The impending climax, after weeks of inconclusive negotiations, came as gun control supporters tried, without apparent success, to get enough senators to commit themselves to a compromise reached last week by Sens. Joe Manchin III (D-W.Va.) and Patrick J. Toomey (R-Pa.). Their proposal, which would expand the background check requirement for gun buyers, appears to have support of a majority of the Senate, but so far has fallen short of the 60 votes needed to block a filibuster.
Under the procedure announced late Tuesday by Senate Majority Leader Harry Reid (D-Nev.), the background check measure would be put to a vote, followed by eight other proposals, all cast as amendments to the gun control package that the Senate has been considering. The amendments to be voted on include several backed by the National Rifle Assn. to expand the rights of gun owners, as well as the assault weapons ban proposed by Sen. Dianne Feinstein (D-Calif.).
Reid decided to put the amendments to a vote because "it's clear that there's not much point in negotiating any further," a Senate Democratic leadership aide said. "We'll see where the votes are."
Although the background check measure has fallen short in tallies by both sides, the multiple amendments could provide an opportunity for changing crucial votes, the aide said. Democratic senators from conservative states or Republicans who have been on the fence about gun control could vote for some of the NRA-backed amendments in hopes of obtaining political cover for a vote in favor of background checks, the aide said. They would do so knowing that none of those measures were likely to hit the 60-vote threshold.
In addition, Democratic vote counters think the high-stakes showdown could generate additional public pressure in favor of the gun measures.
But despite those possibilities, the move clearly represented a high-risk strategy on Reid's part. Earlier in the day, Sen. Charles E. Schumer (D-N.Y.), who has led the gun control effort in the Senate, said that "a little more time" would be helpful.
So far, only two other Republicans — Sens. Susan Collins of Maine and Mark Steven Kirk of Illinois — have joined Toomey in supporting the background check measure. A few others, including Sens. John McCain of Arizona and Lisa Murkowski of Alaska, have said they remain undecided. Several Democrats who face reelection in conservative states, including Mark Begich of Alaska and Max Baucus of Montana, also have not taken sides.
Most gun rights groups, including the NRA, oppose the measure, although two smaller pro-gun organizations recently endorsed the plan. Currently, a person who buys a gun from a licensed dealer must go through a background check, but sales outside of the dealer network — at gun shows, for example, or through the Internet — are exempt. The proposal would end those exemptions, although it would allow some private unadvertised sales without checks.

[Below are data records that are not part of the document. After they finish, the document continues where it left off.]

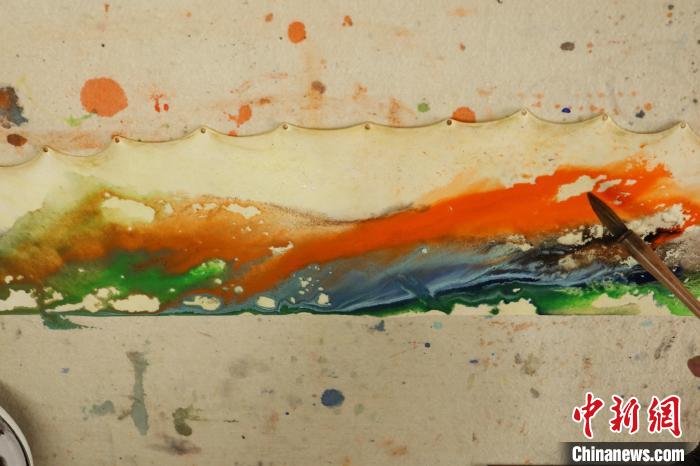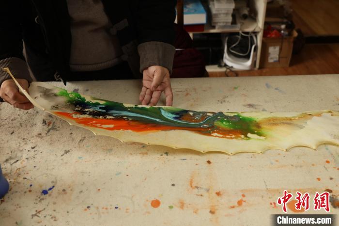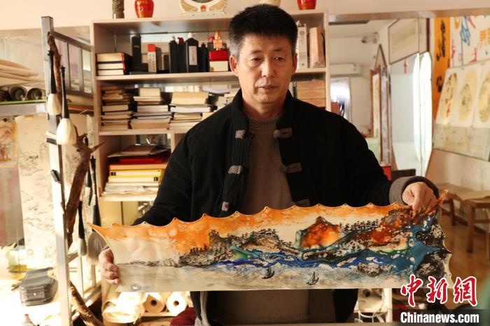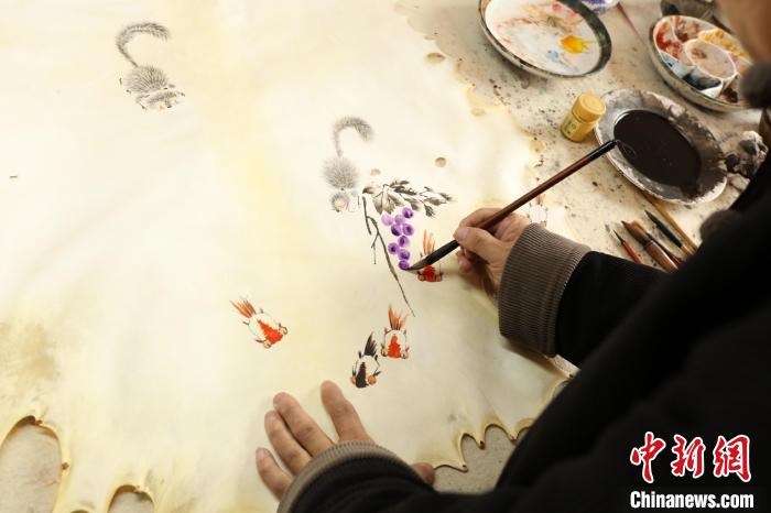12月12日,走進(jìn)河北省衡水市皮畫藝人閆立國的工作室,他正在牛皮上作畫。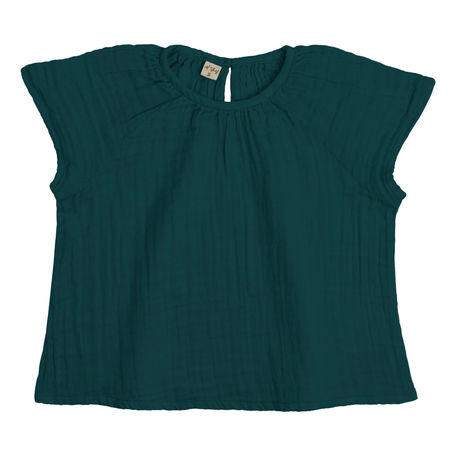 - Details : Round neckline, Short raglan sleeves, Button at the back, Keyhole closure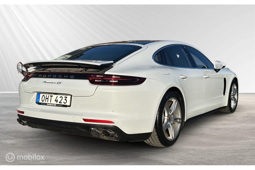 Porsche Panamera 4S met een goede onderhoudshistorie en volledig gedocumenteerde servicebeurten, waarbij al het onderhoud sinds nieuw is uitgevoerd bij erkende Porsche-dealers. De auto is gespoten in Carrara White Metallic en heeft een tweekleurig volledig lederen interieur in zwart en zadelbruin met contrasterende stiksels op het dashboard en de deurpanelen. Uitgerust met een inklapbare trekhaak. Goed uitgerust met onder andere een sportuitlaat, 18-voudig verstelbare adaptieve sportstoelen, achterwielbesturing met Power Steering Plus, adaptieve luchtvering met Porsche Active Suspension Management (PASM), Sport Chrono-pakket, panoramisch glazen dak, adaptieve cruise control, LED-koplampen met Porsche Dynamic Light System Plus (PDLS Plus), 4-zone climate control, BOSE Surround Sound System en akoestische ramen. Vergeleken met een standaard Porsche Panamera 4 biedt de 4S een aanzienlijk meer prestatiegerichte aandrijflijn met een krachtigere V6 biturbo, meer vermogen en een snellere acceleratie. Bovendien is de 4S van de grond af aan dynamischer afgesteld, met een scherpere respons van zowel het chassis als de aandrijflijn. Dit zorgt voor een meer betrokken rijervaring zonder afbreuk te doen aan het comfort voor lange afstanden waar het model om bekend staat. Kortom, dit is een zeer goed onderhouden en smaakvol geconfigureerd exemplaar van de Panamera 4S, met de juiste historie, de juiste kleurencombinatie en een uitrustingsniveau dat moeilijk te vinden is.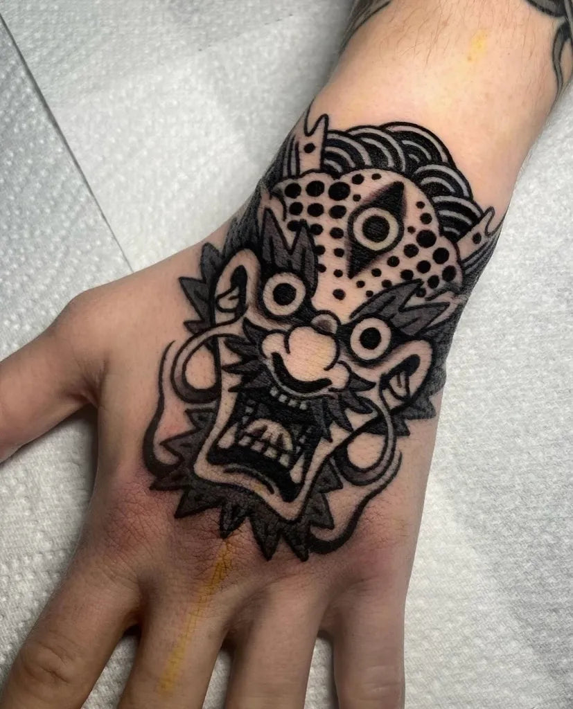 Big Traditional Hannya Mask on Men Hand Tattoo by @goodfortunestudio

Sellers would be required to use a licensed dealer to conduct the background check, and the dealership would keep a record of the sale, as is currently done. That would allow law enforcement agencies to trace ownership of guns used in crimes. Gun rights groups object that those records could eventually be used to create a national gun registry, which is currently banned by law.
Supporters of the proposal probably would need the backing of all the remaining undecided senators to reach 60 votes. They would also need the vote of New Jersey's Frank R. Lautenberg, the 89-year-old Democrat who has been absent from the Senate recently because of illness.

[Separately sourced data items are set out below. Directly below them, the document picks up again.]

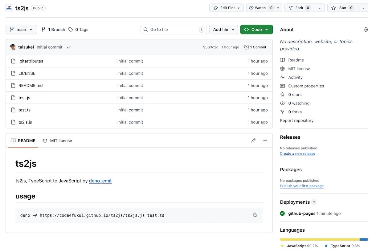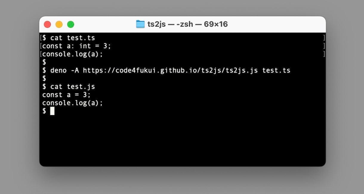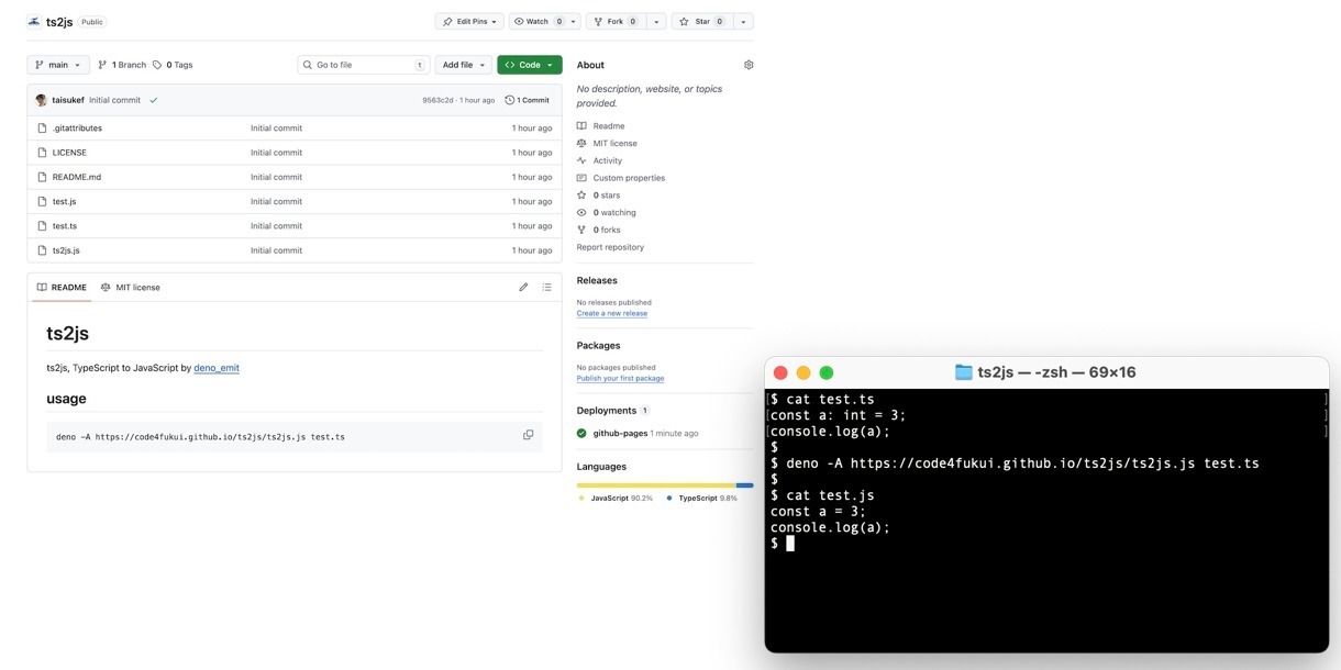 せっかくなので自動化すべくDeno内のプロジェクトのひとつdeno_emitを使ったコマンドラインツール ts2js ができました。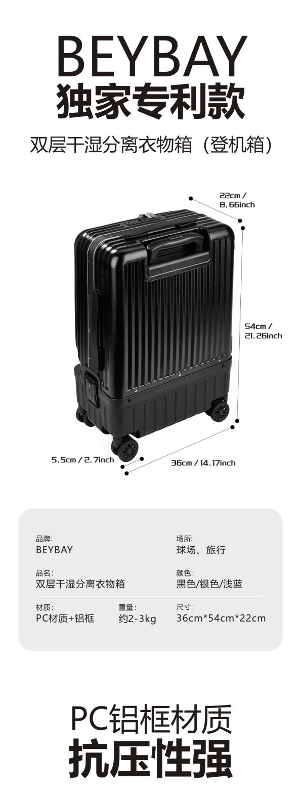 BEYBAY双层干湿分离高尔夫衣物箱 旅行登机箱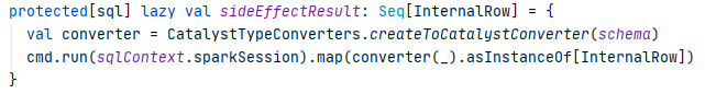 The RunnableCommand is a logical plan which is not executable. The physical execution of the runnable commands is run by the ExecutedCommandExec physical operator. A lazy field, sideEffectResult, is defined in the ExecutedCommandExec, which wraps up any side effects caused by the run method execution of the command. The sideEffectResult variable is referenced in the doExecute method so that the command run method can be executed eagerly.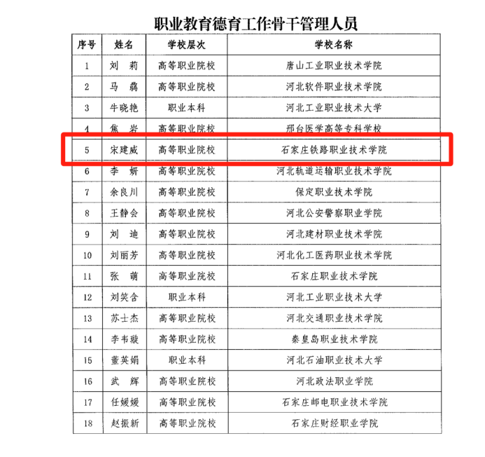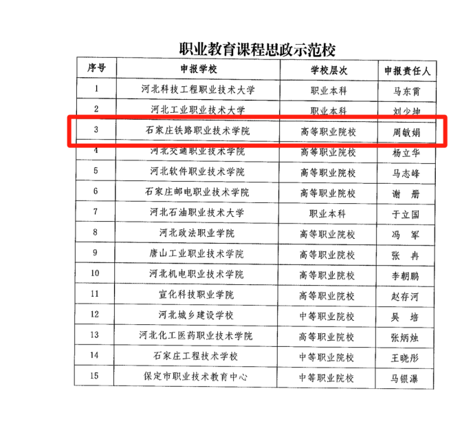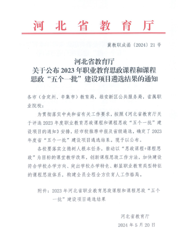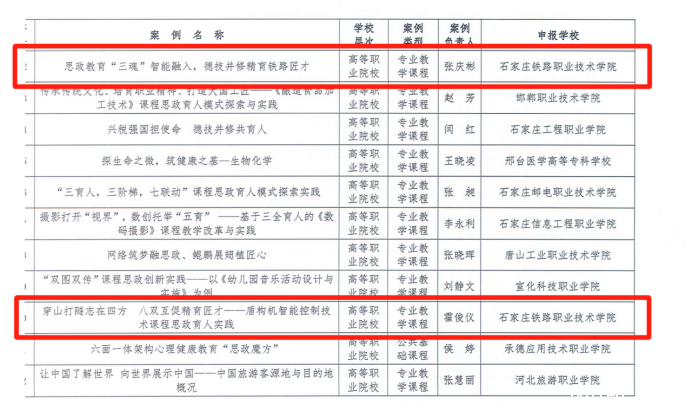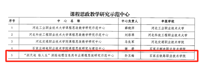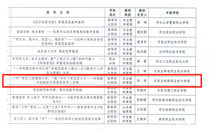 近日,河北省教育厅印发了《河北省教育厅关于公布2023年职业教育思政课程和课程思政“五个一批”建设项目遴选结果的通知》(冀教职成函〔2024〕21号)。米兰体育中心成功入选河北省职业教育课程思政示范校;“测天地 绘人生”测绘地理信息类专业课程思政研究示范中心入选课程思政教学研究示范中心;《“传”聚匠心筑强国之梦,“感”知天下育良匠之才—传感器与检测技术课程思政育人实践》《思政教育“三魂”智能融入,德技并修精育铁路匠才》《穿山打隧志在四方 八双互促精育匠才-盾构机智能控制技术课程思政育人实践》3个项目入选职业教育课程思政优秀教学案例;宋建威、赵辉2人被评为职业教育德育工作骨干管理人员。米兰体育中心共7项成果入选河北省2023年职业教育思政课程和课程思政“五个一批”建设项目,获评数量在我省高等职业院校中位列第一。

In an effort to hold their ranks together, Senate Democrats gathered Tuesday for a lunchtime meeting that included what Reid called a "moving, tearful presentation" by Manchin.
Adding to the emotion was a brief appearance by former Rep. Gabrielle Giffords, the Arizona Democrat who was severely wounded in a mass shooting in Tucson two years ago. Giffords' husband, retired naval Capt. Mark Kelly, spoke at the lunch, as did senators from Virginia and Connecticut, states that have been the scenes of mass shootings in recent years.

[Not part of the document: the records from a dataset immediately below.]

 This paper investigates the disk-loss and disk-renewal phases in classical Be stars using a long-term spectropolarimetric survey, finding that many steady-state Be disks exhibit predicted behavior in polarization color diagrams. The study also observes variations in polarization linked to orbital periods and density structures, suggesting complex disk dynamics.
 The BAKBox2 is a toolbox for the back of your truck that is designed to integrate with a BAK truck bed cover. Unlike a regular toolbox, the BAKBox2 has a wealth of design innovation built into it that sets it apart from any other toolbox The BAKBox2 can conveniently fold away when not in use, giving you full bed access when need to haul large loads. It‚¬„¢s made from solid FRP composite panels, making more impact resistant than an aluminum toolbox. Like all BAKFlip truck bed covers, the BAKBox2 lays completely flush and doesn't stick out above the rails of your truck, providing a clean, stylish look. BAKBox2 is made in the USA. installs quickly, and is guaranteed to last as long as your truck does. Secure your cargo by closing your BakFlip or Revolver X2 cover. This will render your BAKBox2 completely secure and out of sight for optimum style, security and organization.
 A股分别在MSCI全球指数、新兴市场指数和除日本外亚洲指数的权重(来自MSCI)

"There were just so many moments there of just genuine inspiration — from Gabby Giffords and her husband coming in, to statements that were made by Joe Manchin, by [Sens.] Tim Kaine, Richard Blumenthal, Chris Murphy. I turned to my colleague Bill Nelson [of Florida] and said, 'Now you know why you ran to be in the Senate — to be here at this moment in history.' That was an inspiring lunch," Sen. Richard J. Durbin (D-Ill.) said.